Вопросы эти потому лишь могут показаться лишними, что до сих пор они никем не поднимались.

А на деле — перед нами основная и элементарная проблема всей новейшей музеологической методики и до тех пор, пока мы не решим ее теоретически и не проверим правильность решения на опыте, — пытаться приступать к созданию музеев массового типа, — столь же продуктивно, как, не зная химии, пытаться приступать к строительству химических заводов.

Здесь легко предвидеть возражение. Нам скажут: существуют же прекрасные музеи массового типа, превосходно выполняющие свою роль, не углубляясь в дебри методологических анализов и в изучение запросов, или «профилей» музейных зрителей.

Достаточно напомнить наши крупные московские музеи: Исторический и Революции, мемориальные имени Ленина и Горького, не говоря уже о Выставке Подарков Сталину — этой жемчужины Москвы и мира.

Почему же при устройстве массовых музеев Биологии приходится особенно учитывать состав и профили их посетителей и скрупулезно взвешивать подбор экспонатуры и тематики?

Мы отвечаем: Разница в самом подходе зрителей к тематике к содержанию Историко- Мемориального Музея и Биологического с точки зрения неодинакового «бытавания» экспонатуры.

Мы не говорим уже о мастерах резца и кисти, воплощенных в дивных образах, скульптурах и картинах Галереи Третьякова: все они, холсты Серова, Левитана, Репина давно вошли в наш повседневный быт, глядя на нас со стен наших жилищ и со страниц журналов, хрестоматий и с открыток.

Равным образом, простреленное эсеровскими пулями пальто великого вождя и гипсовый отлив руки, писавшей «Буревестника», и ряд знамен, проделавших победный путь от Сталинграда до Берлина, — все это давно уж стало чем-то вроде личного воспоминания.

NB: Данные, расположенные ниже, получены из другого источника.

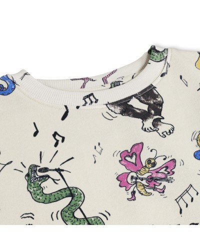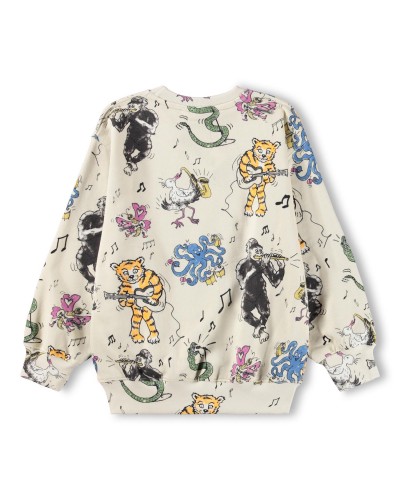 Monti sweatshirt met alloverprint van dieren die rockmuziek spelen.
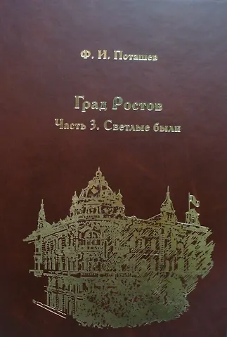 Книга Ф.И.Поташева «Град Ростов. Часть 3. Светлые были» Это книга, где вся жизнь Ростова-на-Дону наполнена творческим созиданием энергичных, разворотливых ростовчан, где южный красавец достойно проявил свою цельную, патриотическую натуру в мирных трудовых буднях, лихолетье иностранной интервенции. Здесь описаны прочные традиции роста на благодатной донской земле в степном краю древних курганов и современных мегаполисов.
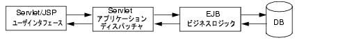 EJB を使うアプリケーションを作成する際の課題は、アプリケーションを Servlet、JSP、セッション Beans、エンティティ Beans にどのように分割するかを決めることです。
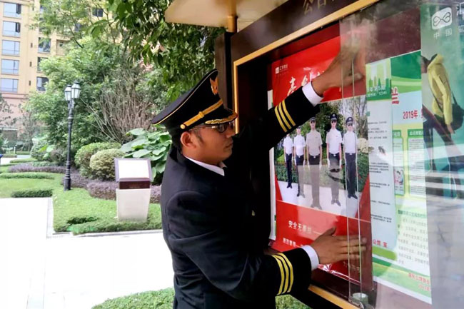 汇丰物业在各社区主要通道、宣传栏、物业客服中心等区域张贴和摆放安全海报,让每一位业主在归家、出门时,都能够注意到安全防范的细节,以达到人人意识到安全的重要性。

Все эти образы и имена вошли в наш быт, сроднились с личной жизнью каждого из нас и потому так непосредственно, тепло и просто откликаются на них сердца и взоры лиц, предельно разнящихся по образованию и возрасту.

Да, наконец, и завершающий идейный смысл содержания, тематики этих музеев слишком очевиден: Будь то исторические поворотные этапы в жизни нашей Родины, страны великих подвигов и дарований, будь то героизм Красной Армии и то великое и торжествующее чувство, что незримо сочетает в один гимн любви и благодарности чудесные дары, снесенные со всех концов Земли Иосифу Виссарионовичу Сталину.

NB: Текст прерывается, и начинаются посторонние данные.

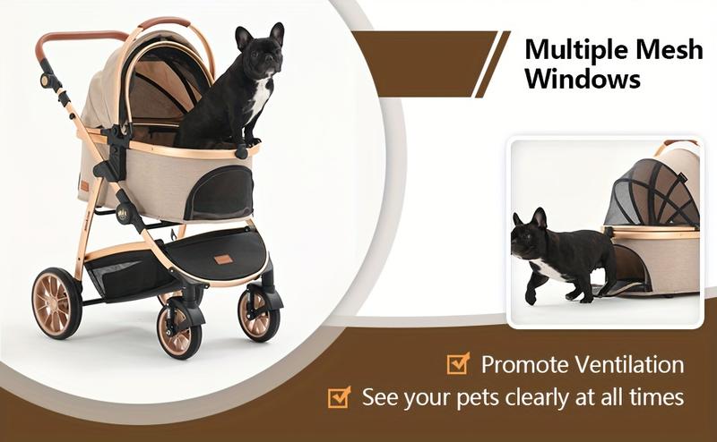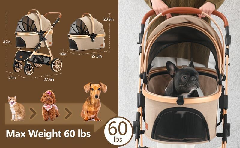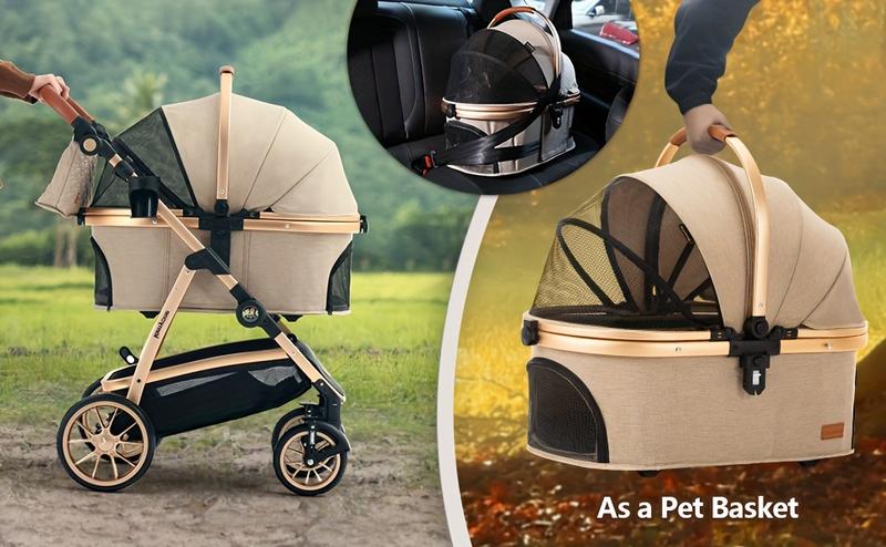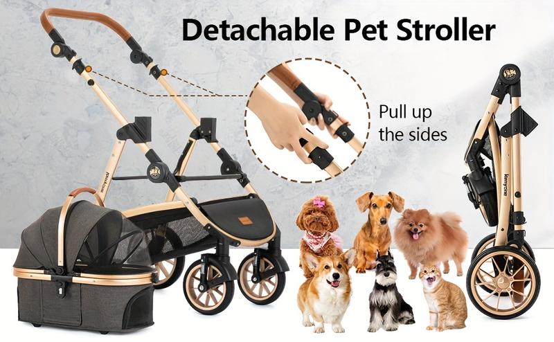 Kenyone Pet Stroller 3 in 1 for Medium Small Size Dogs Luxury Large Cat Stroller Detachable Carrier for Puppy, Kitty, Doggie

Но так ли дело обстоит с тематикой и содержанием музеев Биологии? В такой ли степени бытуют в жизни каждого из нас проблемы эволюции живого мира и вопросы Дарвинизма?

Ввиде иллюстрации — лишь два примера.

Было это несколько лет тому назад. В одном из учреждений, молодая и интеллигентная сотрудница, при выдаче какой то справки Дарвиновскому Музею, обращается ко мне в недоумении, с вопросом: — «Но скажите, почему Музей Ваш называют Дарьинским?»

Другая реплика, отчасти для меня более лестная.

Услышав, что очередные объяснения по Дарвиновскому музею для приезжих (правда, дальних..) педагогов будут им даваться не экскурсоводом, но самим директором Музея, т.е. лично мною, — часть пришедших ранее участников экскурсии спешила поделиться с подошедшими позднее с радостною вестью, что «Объяснения будет давать сам Дарвин !»

Пусть эти примеры единичные, но даже ввиде грустных исключений, они призваны свидетельствовать о неизмеримо меньшей популярности имени Дарвина, чем таковых Толстого, Горького, не говоря уже об именах великих созидателей Страны Советов.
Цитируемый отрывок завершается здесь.